I'm not a bioinformatician by profession but this is a field that I'd like to learn on my own time, and who knows, maybe eventually making some useful findings.
I currently have SNP data for a full genome on about 150 individuals, along with a quantitative description of a phenotype.
How would I go about predicting the phenotype from a completely new set of individuals(for whom I have complete SNP data), given the previous information.
I downloaded PLINK and I'm currently formatting my data using python to agree with it. How can I use this (or another) tool to accomplish my goal? If the phenotype were say, height, I'd want to know which of my new individuals would end up being tall, and who would be short, etc. Ideally I'd want to rank them from tallest to shortest.
Links to explicit directions would be highly appreciated.
EDIT: Height was just an example of a quantitative/continuous phenotype. I'm not looking for height specifically.
good luck ! :-)
Are you looking at a GWAS experiment ? Is this 150 total number of cases or controls or both ? What do you mean by 'new individual' ?
Yes, this would be GWAS data. For the original set of 150, they're not cases or controls as I understand the terms. Cases and controls are applied to binary phenotypes, ie. you either have the disease or you don't.
The phenotype I have is continuous, and could be real number from, say 0 to 10.
For "new individualss", I mean a new set of persons for whom we have full SNP data, but for whom we don't have information on the phenotype.
Can I use information gained from the original set to predict phenotype in the "new individuals"
Is this clear?
Sounds like an exciting project :) ! AFAIK, you should have a case and control (not only from the perspective of diseases) for example in case of height you can have set of cases(height x) and controls(height y) to derive a p-value for the genotype-phenotype association.
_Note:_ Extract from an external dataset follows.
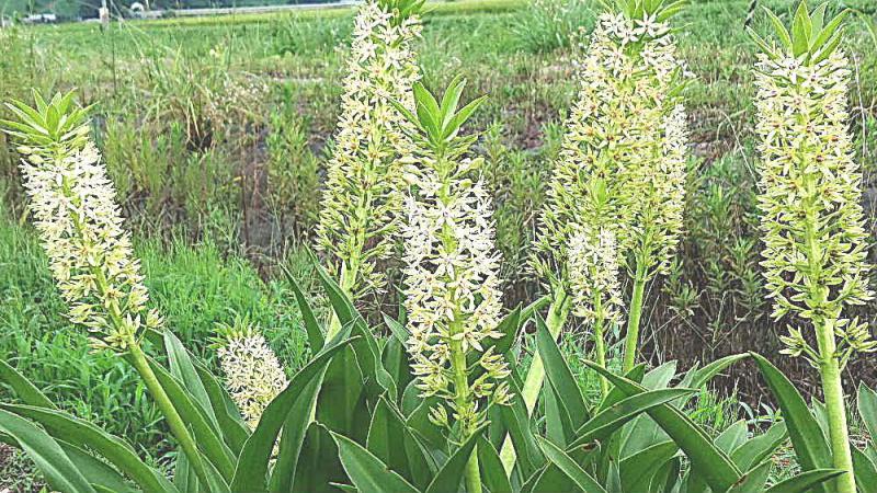 ●頭にちょこんと髪の毛をしばったような葉をつけてまさにパイナップルのような形をしている花を見つけました 昨年8月にもアップした時に「パイナップルリリー」と教えていただきましたがパイナップルのような形の花は花壇の中でも目立ちます 頭の葉の形からユーコミス(ギリシャ語できれいな髪飾りを意味しているそうです)の名前の花だそうですが どちらの名前もなるほどと納得してしまいます

Sounds like an exciting project :) ! I think your question is in 2 parts. 1) You have genotype and phenotype information and 2) You need to analyze the association and use the information from the association for a prediction. Please let me know if I got it right or not ?
Yes, your interpretation is correct. Any suggestions on how to tackle part 1 or 2 in your comment? This is my first crack at any bioinformatics.